(Given data)

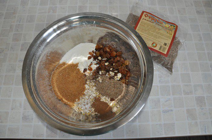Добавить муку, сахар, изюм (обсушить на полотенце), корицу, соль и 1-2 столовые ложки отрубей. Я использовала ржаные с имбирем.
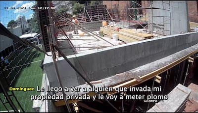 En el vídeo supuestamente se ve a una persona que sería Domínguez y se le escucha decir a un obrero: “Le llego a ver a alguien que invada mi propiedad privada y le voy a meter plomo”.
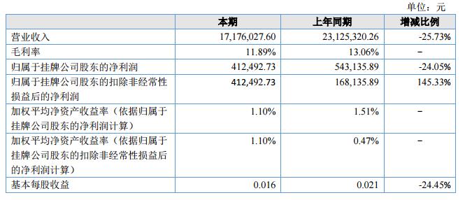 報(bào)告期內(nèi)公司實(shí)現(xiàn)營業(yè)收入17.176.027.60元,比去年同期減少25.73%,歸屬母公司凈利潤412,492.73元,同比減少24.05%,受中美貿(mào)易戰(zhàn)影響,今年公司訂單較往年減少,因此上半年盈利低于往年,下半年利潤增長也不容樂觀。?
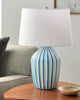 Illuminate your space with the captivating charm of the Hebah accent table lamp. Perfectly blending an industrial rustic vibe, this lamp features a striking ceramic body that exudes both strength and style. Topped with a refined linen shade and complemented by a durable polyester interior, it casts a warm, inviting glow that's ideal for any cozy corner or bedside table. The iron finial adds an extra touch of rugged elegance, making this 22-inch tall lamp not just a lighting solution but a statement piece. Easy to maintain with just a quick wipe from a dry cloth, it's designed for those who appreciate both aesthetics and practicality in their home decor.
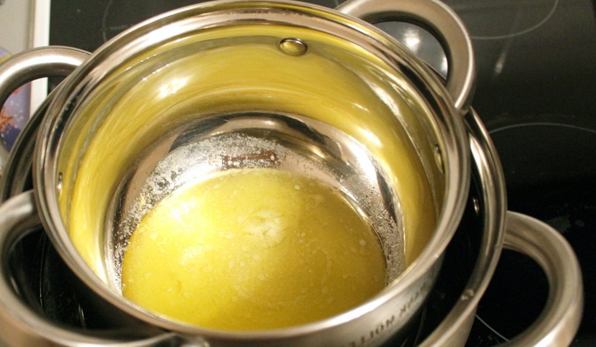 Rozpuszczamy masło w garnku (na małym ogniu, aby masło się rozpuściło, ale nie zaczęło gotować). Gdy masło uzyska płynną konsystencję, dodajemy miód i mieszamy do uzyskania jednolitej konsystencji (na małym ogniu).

(End Given data)
(Given data)

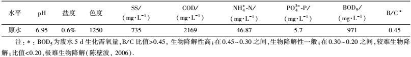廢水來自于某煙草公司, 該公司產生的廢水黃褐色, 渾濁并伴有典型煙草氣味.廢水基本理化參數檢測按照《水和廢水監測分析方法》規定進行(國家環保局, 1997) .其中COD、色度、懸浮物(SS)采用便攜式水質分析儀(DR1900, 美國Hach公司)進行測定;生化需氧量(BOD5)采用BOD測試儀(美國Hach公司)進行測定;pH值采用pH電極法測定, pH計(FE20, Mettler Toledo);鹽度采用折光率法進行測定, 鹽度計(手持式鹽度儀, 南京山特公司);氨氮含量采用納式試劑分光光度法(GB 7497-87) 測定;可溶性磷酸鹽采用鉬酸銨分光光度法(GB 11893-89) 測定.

(End Given data)

Task description.
What is needed is an exact copy of the lines above, from the one holding "En el vídeo" down to the one holding "報(bào)告期內(nèi)", with those two included and the pictures left out.

Written answer.
 En el vídeo supuestamente se ve a una persona que sería Domínguez y se le escucha decir a un obrero: “Le llego a ver a alguien que invada mi propiedad privada y le voy a meter plomo”.
 報(bào)告期內(nèi)公司實(shí)現(xiàn)營業(yè)收入17.176.027.60元,比去年同期減少25.73%,歸屬母公司凈利潤412,492.73元,同比減少24.05%,受中美貿(mào)易戰(zhàn)影響,今年公司訂單較往年減少,因此上半年盈利低于往年,下半年利潤增長也不容樂觀。?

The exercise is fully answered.